“You’ll have to win, if we go. And we are going, aren’t we, mother?”

“We’ll see,” answered the cautious mother. “Sam had better stay to dinner and talk it over with your father.”

“Invite me next week, and I’ll come with joy,” answered Sam, ruefully. “You have too many good things to eat for a fellow in training.”

Mrs. Sedgwick and Margaret were on the Seaton special that carried the school to Hillbury. Sam sat in the seat opposite them, and for the time enjoyed complete relief from anxious thoughts of the contest. They parted at the station, when Sam went forward to join the other members of the team in the barge that was awaiting them.

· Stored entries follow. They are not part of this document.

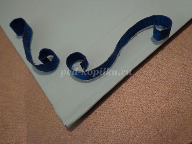 Для рамочки из синих колечек делаем вот такие заготовки. Их нужно 8 штук.
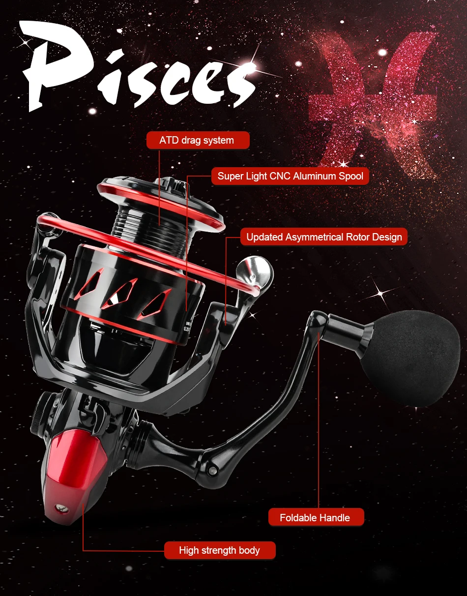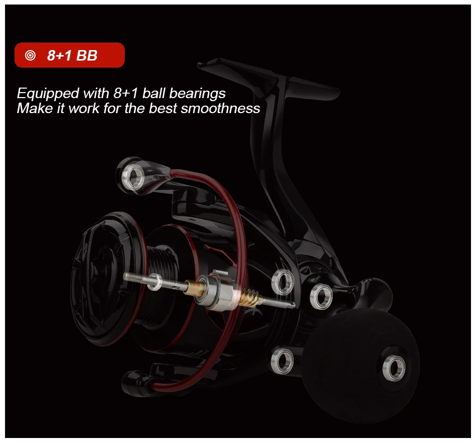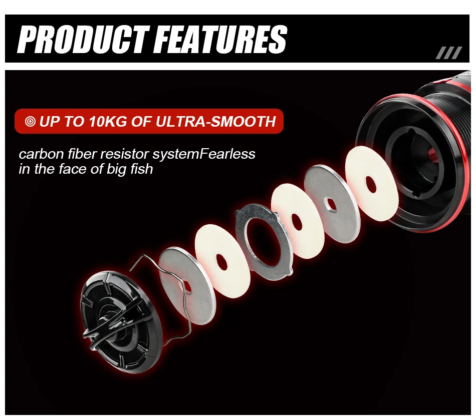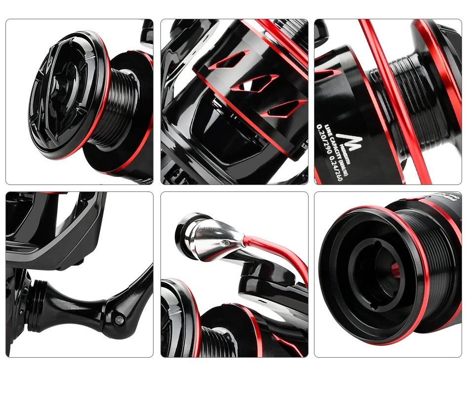 6. El diseño del cuerpo ultrafino y el carrete de aluminio mecanizado CNC son ideales para pescar durante mucho tiempo.
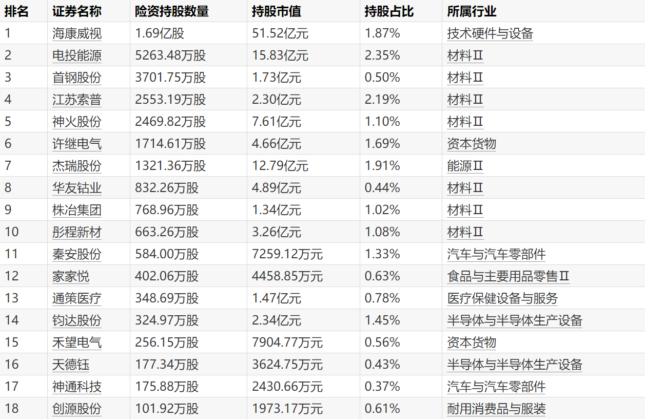 从行业分布看,险资一季度持仓高度集中于材料领域。统计显示,18只重仓股中,材料行业个股多达7只,涵盖金属冶炼、化工、新能源材料等细分赛道。其中,、、等企业因业绩稳健或行业景气度提升,获得险资加仓。半导体与半导体生产设备、汽车与汽车零部件行业紧随其后,各有2只个股入选,显示险资对高端制造领域的长期布局意图。

“You must show me your gold medal when we go back,” said the girl, gayly, as she bade him good luck. “You know we’ve come on purpose to help you win it.” Sam lifted his cap and ran smilingly away to quiet the barge-load of impatients who were clamoring for Archer to quit his “fussing” and get aboard. Miss Margaret’s blind confidence had driven Sam’s fatalism to cover. Could it be his day after all?


CHAPTER XXVII
ARCHER versus KILHAM

It was clear, two events before the high hurdles came, that Hillbury was to win the day. In four races Seaton had been beaten by feet and inches in desperate finishes. It may have been luck that the leaders in these four contests were Hillbury men; luck certainly had nothing to do with the fact that in each of the four the third prize went to a wearer of the blue. Kilham had taken the two-twenty hurdles; Hillbury with Kilham in the lead had swept every place in the broad jump. Mulcahy could crawl no higher than third in the pole vault. Collins took the issue philosophically, as a man might well do who had toiled early and late to work second-class material into a first-class product, and who, incidentally, had accomplished more than any three members of the faculty toward establishing throughout the school a standard of right living and honest striving.

But stoically as Collins took the issues of fate, his real feelings broke through the mask of calmness when the one-twenty hurdles were called, and Sam and Pearson, wearing Seaton colors, took the places assigned them and dug their starting holes. Defeat may have its consolations; and to Collins no consolation could be quite so satisfactory as a victory for his long-legged pupil, who had done his work month in and month out like a man of years and responsibilities, and had come up smiling after every knockdown, with determination unquenched. Miss Margaret, on the Seaton benches near the finish line, strained her eyes to see the starting, oblivious to the fact that her pulse was beating ten counts faster than it had any right to. Sam himself, having something definite to do, and something definite to think of, was less agitated than Miss Margaret, or even Collins. The something definite to think of was the uncommon solidity of the Hillbury hurdles. If he struck one, it would throw him—or at least so he feared. He must be sure to clear, even at the waste of a few inches; and unnecessary inches in the rise meant, he knew full well, a fraction of a second in total loss. On the full extent of this handicap he did not dwell. It was enough that he must keep well above the hurdles.

The start was even—at least for Kilham and Archer. They sprang for the first hurdle in step together, like well-matched horses. Sam’s leap was needlessly high; Kilham gained thereby a small advantage, which he increased to a yard as the third hurdle was passed. Then Sam, becoming less fearful of the rise, brought his jump down nearer the top of the hurdle and began to regain lost ground. On the fifth they were together again. After that Sam forged ahead, clearing every obstacle just in front of his rival. As he struck the ground after the tenth he realized that his hopes depended on his holding his advantage against a faster sprinter for a distance of less than fifteen yards. He had been running at full tension throughout the race; he could do no better now.